**TASK DIRECTIONS:** Word for word, print out all of the data, omitting every image.

SUPPLIED INFORMATION: Begin

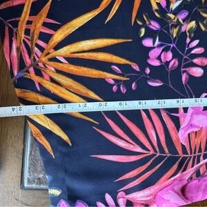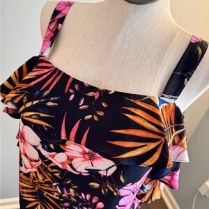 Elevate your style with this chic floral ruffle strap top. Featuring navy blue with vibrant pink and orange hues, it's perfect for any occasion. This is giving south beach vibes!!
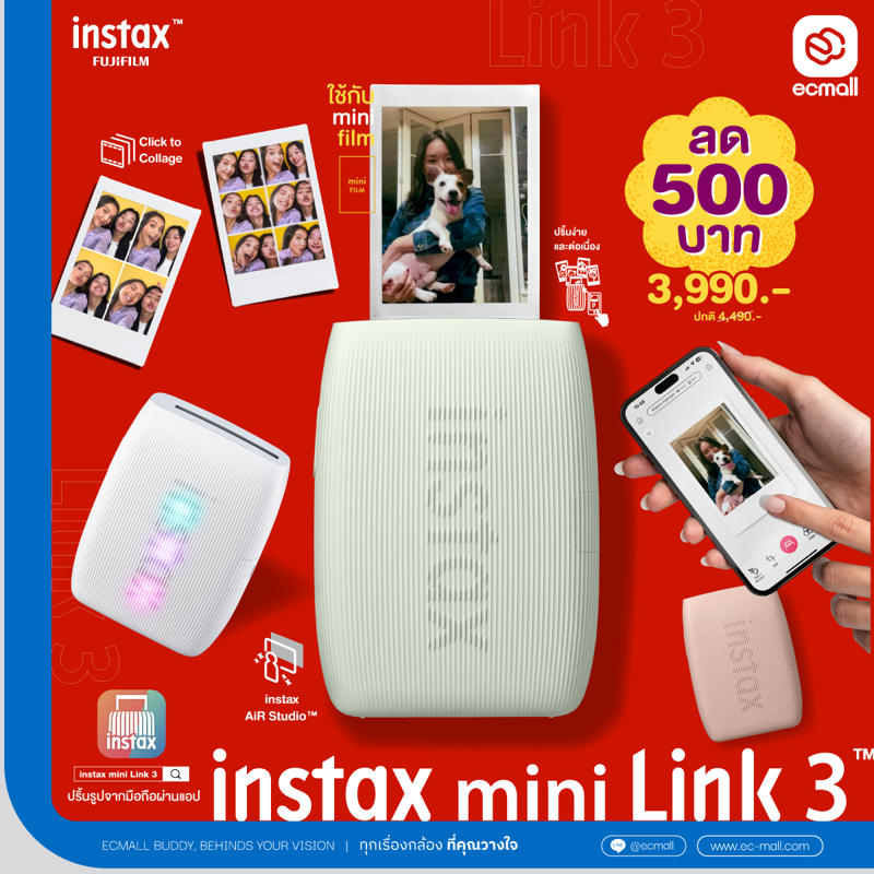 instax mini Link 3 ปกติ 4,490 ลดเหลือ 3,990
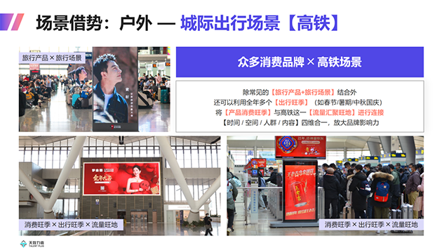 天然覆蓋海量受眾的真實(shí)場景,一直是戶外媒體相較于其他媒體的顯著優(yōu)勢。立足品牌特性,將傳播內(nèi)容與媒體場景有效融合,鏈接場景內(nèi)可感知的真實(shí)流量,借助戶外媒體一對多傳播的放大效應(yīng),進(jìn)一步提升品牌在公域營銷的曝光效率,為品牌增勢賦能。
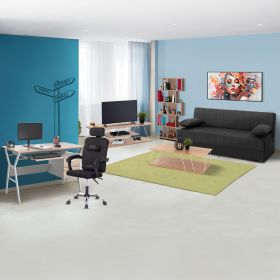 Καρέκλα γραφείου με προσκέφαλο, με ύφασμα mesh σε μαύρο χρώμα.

SUPPLIED INFORMATION: End

**FINISHED EXERCISE:**
 Elevate your style with this chic floral ruffle strap top. Featuring navy blue with vibrant pink and orange hues, it's perfect for any occasion. This is giving south beach vibes!!
 instax mini Link 3 ปกติ 4,490 ลดเหลือ 3,990
 天然覆蓋海量受眾的真實(shí)場景,一直是戶外媒體相較于其他媒體的顯著優(yōu)勢。立足品牌特性,將傳播內(nèi)容與媒體場景有效融合,鏈接場景內(nèi)可感知的真實(shí)流量,借助戶外媒體一對多傳播的放大效應(yīng),進(jìn)一步提升品牌在公域營銷的曝光效率,為品牌增勢賦能。
 Καρέκλα γραφείου με προσκέφαλο, με ύφασμα mesh σε μαύρο χρώμα.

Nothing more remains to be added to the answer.